Damage to virtually any part of the nervous system may be reflected in
gait. An antalgic gait, or the limp caused by pain is familiar to any
practitioner. Patients with unilateral weakness may favor one side, and if the
weakness is spastic (i.e., from upper motor neuron damage) the patient may
hold the lower limb stiffly. S/he will drag the weak limb around the body in a
"circumducting" pattern. A staggering or reeling gait (like that of the drunk)
is suggestive of cerebellar dysfunction. Generally, the patient with true
vertigo will tend to fall to the one side repeatedly (especially with the eyes
closed). A patient with foot drop will tend to lift the foot high (steppage
gait). Hip girdle weakness often results in a "waddle," with the hips shifting
toward the side of weakness when the opposite foot is lifted from the floor
(of course if both sides are weak the hips will shift back and forth as they
take each step). Patients with Parkinson's disease often have difficulty
initiating gait. The steps are usually short though the gait is narrow-based. If
severe, the patient may be propulsive (they may even fall). Patients who are
"glue footed" (sliding their feet along the ground rather than stepping
normally) may be suffering from damage or degeneration of both frontal
lobes or the midline portion of the cerebellum. When damage to these areas
is severe the patient may be severely retropulsive (tending to fall over
backwards repeatedly). Dorsal column injury may result in a gait in which
the patient "stamps" his or her feet, and usually also needs to look at the
feet in order walk. Patients with painful neuropathy of the feet may walk as
if they are "walking on eggs" and patients with spinal stenosis may walk
with a stooped posture (a "simian" posture).
Disorders of the motor systems
The reflection of motor system disease depends on the particular part of the
motor system that is involved. Here we will discuss the characteristic
deficits produced by each level of the motor system.

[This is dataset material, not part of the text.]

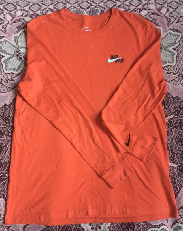 Красивый и яркий лонг от найка. Коллекций 23 года. Цвет — оранжевый. С маленьким лого спереду та великим сзаду. Состояние отлично. Размер XL, смотрите замеры на фото. Довжина 81 см.

Muscle disease (see Chapt. 12)
Typically, muscle disease (myopathy) has its earliest and greatest effects on
proximal musculature. There is little atrophy (until very late) and deep-
tendon reflexes are decreased only in proportion to the weakness. Certain
metabolic myopathies may result in cramping due to the fact that energy is
required to relax muscles and myotonia may also produce difficulty in
relaxation. There are no sensory changes in myopathy.
Neuromuscular disease (see Chapt. 12)
Myasthenia gravis is the prototypical neuromuscular disease. This condition
results from autoimmune damage to acetylcholine receptors, which results
in inefficient neuromuscular transmission. Initial contraction is strong but
during sustained contraction, depletion of neurotransmitter results in
progressive weakness. This can be seen during tonic actions (like simply
holding up the eyelids or maintaining the arms out in front) or in actions
that require sustained activity (like talking or swallowing a meal). For
further information see Chapt. 12.
Lower motor neuron (LMN) disease (see Chapt. 12)
These conditions occur due to damage to the anterior horn cells, the ventral
roots or the peripheral nerves anywhere along their course to the muscles.
In the majority of cases, the weakness is distal. The best explanation for the
predominantly distal weakness in neuronal disease is that longer motor (also
sensory) nerve fibers are more exposed and vulnerable to the many
processes that damage nerve. An exception to this rule is the diffuse
polyneuropathy of Guillain-Barre syndrome (presumed to be an autoimmune
process). In this case weakness may begin in the proximal muscles and this
is presumable because the primary damage to nerves is occurring quite
proximally (near the nerve root level).
LMN disease results in weakness in the muscles connected with the
affected nerve fibers. Understanding of the distribution of nerves and nerve
roots to the individual muscles is essential to correct interpretation (Table
10-5). Additionally, there is atrophy (after the first week or two following an
acute injury) that is out of proportion to simple disuse. Furthermore,
reflexes are usually affected quite early and severely. This is because most
conditions that damage LMNs also damage sensory nerve fibers that
represent the afferent limb of the muscle stretch reflex. Finally, when there
is damage to LMNs in peripheral nerves, there is often an accompanying
sensory loss that can aid in diagnosis of the nerve that is involved.
Upper motor neurons (UMN)
Historically, this has been associated with the corticospinal (pyramidal)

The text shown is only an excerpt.